**THE TASK**
Print the lines in the listing below that fall between the line with "Bản đồ Bà Rịa-Vũng Tàu" and the line with "Bà Rịa - Vũng", those two lines included, exactly as they stand and with nothing else.

**THE DATA**
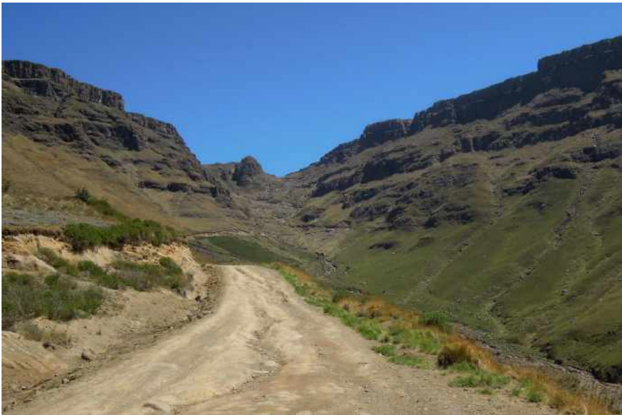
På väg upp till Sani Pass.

...

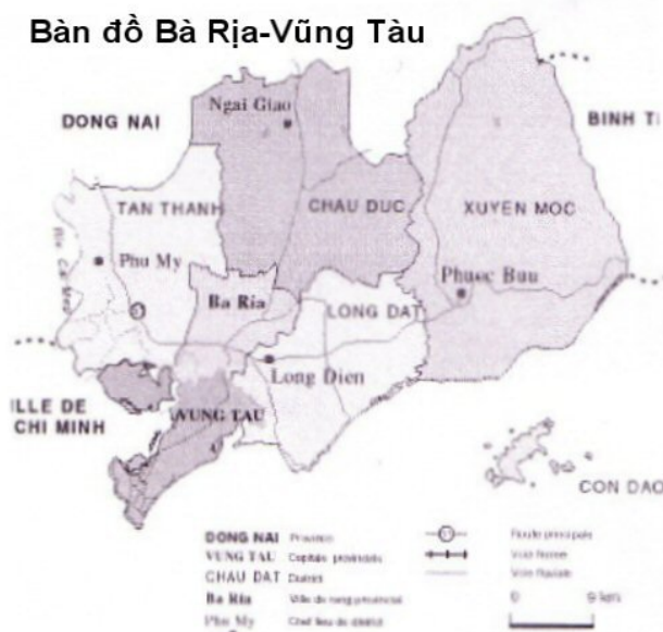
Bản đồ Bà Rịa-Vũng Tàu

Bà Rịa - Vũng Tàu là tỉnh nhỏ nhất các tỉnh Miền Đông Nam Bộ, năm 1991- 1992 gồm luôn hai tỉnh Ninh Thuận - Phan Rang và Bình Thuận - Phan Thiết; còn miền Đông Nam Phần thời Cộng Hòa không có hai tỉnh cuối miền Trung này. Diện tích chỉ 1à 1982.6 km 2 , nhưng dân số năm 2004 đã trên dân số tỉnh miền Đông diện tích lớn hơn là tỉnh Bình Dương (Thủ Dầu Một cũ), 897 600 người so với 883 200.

...

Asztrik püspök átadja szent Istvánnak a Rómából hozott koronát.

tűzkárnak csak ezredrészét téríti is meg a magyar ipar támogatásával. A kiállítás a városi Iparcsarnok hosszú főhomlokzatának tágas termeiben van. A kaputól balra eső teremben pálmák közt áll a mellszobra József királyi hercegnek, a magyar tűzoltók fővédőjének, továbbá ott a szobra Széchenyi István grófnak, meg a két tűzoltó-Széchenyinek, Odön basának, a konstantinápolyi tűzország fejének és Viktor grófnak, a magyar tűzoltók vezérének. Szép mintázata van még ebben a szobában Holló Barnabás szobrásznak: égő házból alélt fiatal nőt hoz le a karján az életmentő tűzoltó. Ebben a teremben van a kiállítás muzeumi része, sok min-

**WRITTEN SOLUTION**
Bản đồ Bà Rịa-Vũng Tàu

Bà Rịa - Vũng Tàu là tỉnh nhỏ nhất các tỉnh Miền Đông Nam Bộ, năm 1991- 1992 gồm luôn hai tỉnh Ninh Thuận - Phan Rang và Bình Thuận - Phan Thiết; còn miền Đông Nam Phần thời Cộng Hòa không có hai tỉnh cuối miền Trung này. Diện tích chỉ 1à 1982.6 km 2 , nhưng dân số năm 2004 đã trên dân số tỉnh miền Đông diện tích lớn hơn là tỉnh Bình Dương (Thủ Dầu Một cũ), 897 600 người so với 883 200.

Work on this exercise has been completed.